Simon Vouet El rapto de Europa, ca. 1640. Óleo sobre lienzo. Museo Thyssen-Bornemisza, Madrid
Hasta prácticamente las últimas décadas del XIX, el Barroco era visto con un cierto desprecio por los intelectuales, que estimaban que el periodo artístico posterior al Renacimiento y previo al Neoclasicismo era una etapa menor marcada por la degeneración y la decadencia. Será el crítico de arte suizo Heinrich Wölfflin el primero que argumente que más que una simple edad histórica, debería ser entendido como una categoría estética contrapuesta a lo clásico, una idea que a partir de entonces empieza a ser valorada con atención. Eugenio d’Ors por ejemplo, la describe como una fuerza en constante lucha contra el canon tradicional, llegando a distinguir a lo largo de los siglos más de veintidós momentos susceptibles de ser considerados barrocos. A partir de la Posmodernidad, el término se asienta como uno de los modelos válidos para definir la cultura contemporánea, en muchos aspectos inestable, cambiante, ilimitada, distorsionada, perversa y caótica como ya señalaba Omar Calabrese en 1989.
Teniendo en cuenta esto, no es de extrañar entonces que un número considerable de las estrategias de representación que toman los artistas de hoy puedan ser interpretadas desde un punto de vista coincidente con los preceptos expresivos que predominaron en el XVII, una comparación de dos realidades afines que se convierte en el argumento principal de la exposición que Bice Curiger, responsable de la Bienal de Venecia en 2011, comisarió el año pasado para la Kunsthaus de Zúrich y este verano para el museo Guggenheim de Bilbao.
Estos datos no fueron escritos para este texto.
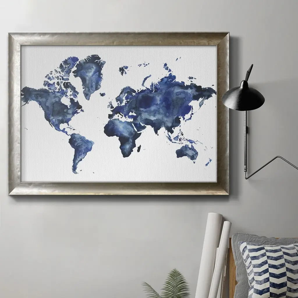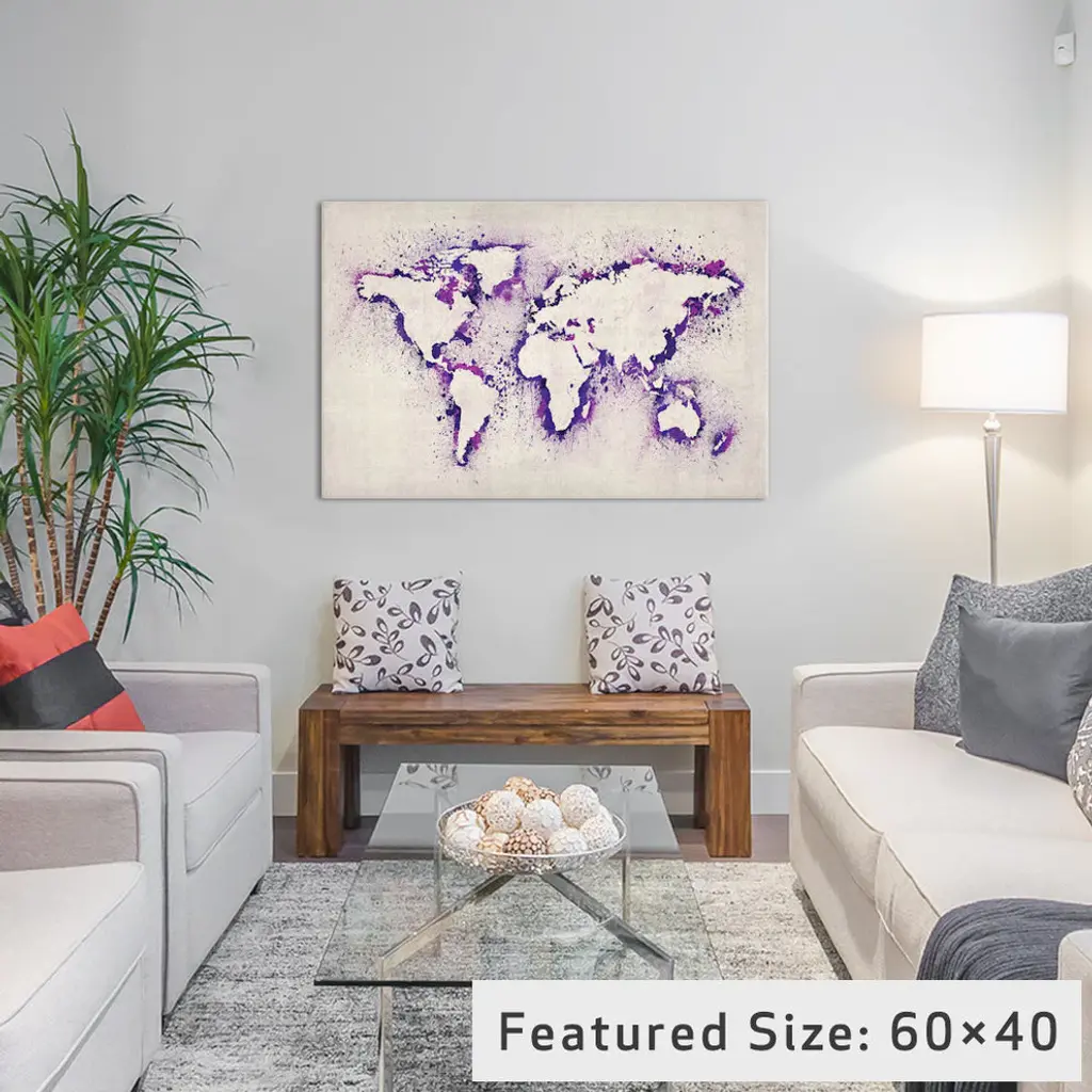 "Map Of The World, Purple Paint Splashes" Wrapped Canvas Print, 26x18x1.5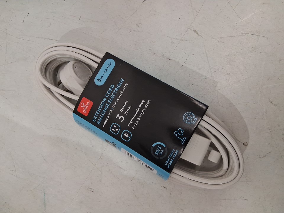 GLOBE ELECTRIC 3-OUTLET INDOOR EXTENSION CORD WITH RIGHT-ANGLE PLUG - GROUNDED - 9.8FT - WHITE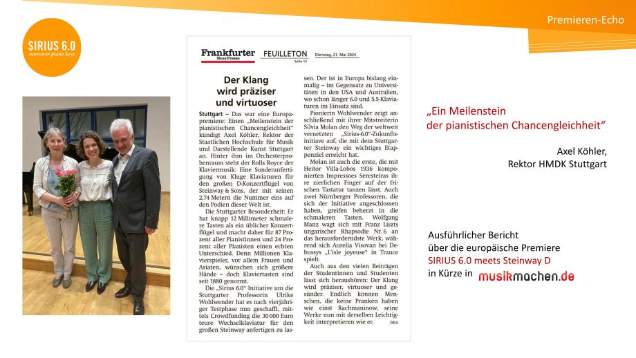 Die schmalere SIRIUS-Tastatur entfaltet von der Stuttgarter Musikhochschule aus Wirkung – nmz 11/24, von Bettina Boyens

La revisión del concepto no es nueva en España, un país donde este tema posee un especial arraigo. De hecho, es pertinente recordar que en 2005 Javier Panera encabezó un ambicioso proyecto para Salamanca denominado Barrocos y Neobarrocos. El infierno de lo bello, una amplia recopilación que compartía algunas similitudes con ésta otra muestra que puede visitarse hasta octubre en Vizcaya. La gran diferencia, y me atrevería a decir que el mayor atractivo de esta cita, es que ahora se confrontan obras del XVII con creaciones actuales, un diálogo entre pasado y presente que permite parangonar de manera desprejuiciada y sin atender a criterios historiográficos trabajos en esencia comunes pero concebidos en sociedades y circunstancias muy diferentes.
El recorrido se ha planteado por capítulos atendiendo a diversos aspectos característicos del Barroco. Curiger ha evitado las cuestiones concerniente al continente (ornamentación, escenografía, pompa, recargamiento…) y se ha centrado en asuntos sustanciales vinculados con actitudes vitales o la exaltación de la naturaleza humana, obras que abordan asuntos delicados como el sexo, el cuerpo, el deseo, lo grotesco, la muerte o la religión desde la ironía y el escepticismo, saltando desde los márgenes las barreras morales que imponen la contención de las formas o lo políticamente correcto. Hay apariciones muy afortunadas, caso de las piezas de Paul McCarthy (los cuatro dibujos de los enanitos de Blancanieves son magníficos), las sarcásticas obras de Urs Fischer o las tiras de cómic de Robert Crumb, particularmente la que homenajea uno de los ciclos satíricos más conocidos de William Hogarth, el Casamiento a la moda (1745). Son también reseñables las pinturas de Dana Schutz o la videoanimación de Nathalie Djurberg, jóvenes autoras muy reconocidas en el extranjero que aparecen no todo lo que debieran por nuestro país. De los cuadros del siglo XVII, destacar una tela espléndida de Poussin como Venus sorprendida por los sátiros (1625), La Carnicería (1555) de Pieter Aertsen, San Sebastián curado por las Santas Mujeres (1621) de José Ribera, La monstrua (1680) de Carreño de Miranda o los detalles de Cornelis Saftleven, que en un tela como Las tentaciones de San Antonio (1629) recuerdan en mucho a El Bosco.
En general, la exposición me parece un acierto y el espectador puede congratularse de las relaciones que se establecen, que son fructíferas y abundantes. Acaso, por matizar algo del itinerario establecido por la comisaria, mencionar que el montaje resulta algo desabrido y encorsetado. Aunque de manera intencionada se han diferenciado las dos facetas que conforman la muestra como si se tratasen de acciones paralelas de una misma narración, quizás hubiese sido más interesante entrecruzar trabajos tradicionales y contemporáneos de modo más directo. Sobre todo, para hacer constatar al visitante tal como se pretende, que las ideas están por encima de los tiempos históricos.